The second time, just before Christmas, she came out fighting. In spite of having been jammed into a small space for hours, with hands and feet bound and mouth taped shut, she was determined to embrace life with all the risks that entailed. For weeks, she’d brushed off my concerns about conserving her energy, going out at night alone, and piloting her enormous Buick around the island instead of calling a cab. Good gravy, wasn’t she almost eighty-one years old? And besides that, she could barely see over the steering wheel.
I took a deep breath and lowered my voice so the entire marina wouldn’t hear us squabbling on the deck of her houseboat. “Your sons will have conniptions if they hear you’re driving again,” I said. “Lots of things can go wrong—the traffic is terrible this time of year—”
She gripped my wrist with her tiny fingers. “When you look at it without your blinders on, Hayley Snow,” she said, “isn’t life just one big series of close calls? We all have to go sometime,” she added with an impish tilt to her head. “And I’ve realized that I don’t want to go feeling any regrets.
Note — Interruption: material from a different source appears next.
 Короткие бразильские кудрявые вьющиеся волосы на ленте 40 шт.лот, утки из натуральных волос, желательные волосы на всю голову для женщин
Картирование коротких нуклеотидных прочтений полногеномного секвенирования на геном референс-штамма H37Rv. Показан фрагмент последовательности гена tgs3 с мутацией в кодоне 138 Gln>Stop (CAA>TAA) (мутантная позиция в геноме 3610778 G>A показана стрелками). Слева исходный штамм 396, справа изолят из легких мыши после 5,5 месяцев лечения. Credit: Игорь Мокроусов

And I’d definitely regret spending the rest of my life acting like a scared old lady.” She grinned and patted my hand. “My training shift at the cemetery starts at three. You’re coming for a tour at four so I can practice, right? How about we compromise and you’ll drive me home? That way you can walk over to the cemetery, burn off a few calories, and earn points with your gym trainer,” she finished with a sly wink.
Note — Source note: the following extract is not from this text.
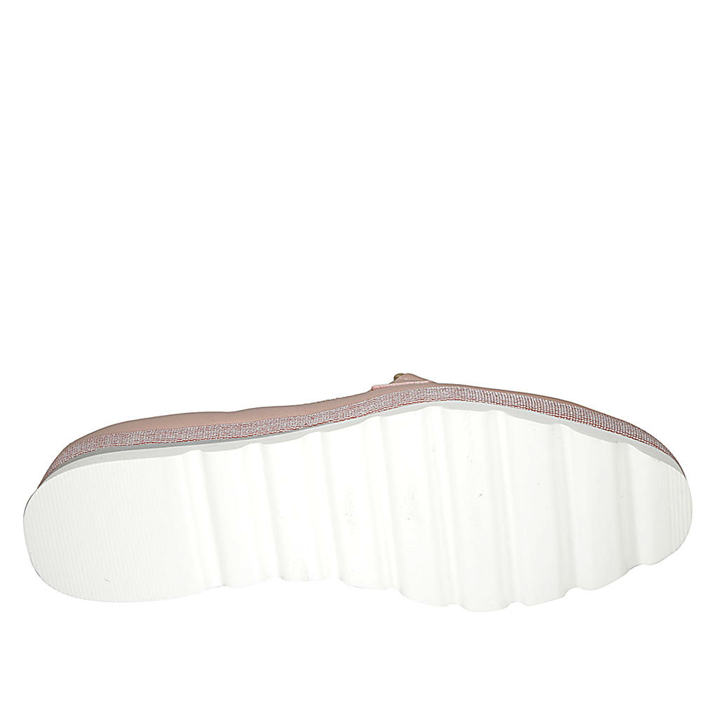 Mocassin pour femmes en cuir rose avec chaîne talon compensé 2 - Pointures disponibles:  44

I sighed and nodded my agreement. I’d been had and we both knew it.
She hurried down the dock to her metallic green car and I buried myself in my work in order to avoid watching the big sedan back and fill. When she’d extracted the vehicle from its tight parking space, she careened across the Palm Avenue traffic, tires squealing and horn blaring.
I plugged my ears and tried not to look. I had my own problem to attend to: roughing out a plan for my latest restaurant review roundup, tentatively called “Paradise Lunched.” My new boss, Palamina Wells, was turning out to be a lot more hands-on than any of us working at Key Zest had expected when she assumed half ownership of the magazine in January. Instead of the cheerleader I’d anticipated, she was watching me like a pastry chef eyes salted caramel. Like I might turn on her at any moment.
“I know I’m giving a lot of suggestions right now. I’ll back off once I get a handle on things,” she’d told us in a staff meeting yesterday. “In the meantime, let’s work on making our lead paragraphs truly memorable. Think tweetable, think Buzzfeedable, think Instagram envy. Let’s make them irresistibly viral, okay?”
Irresistibly viral felt like a lot to ask from an article on lunch.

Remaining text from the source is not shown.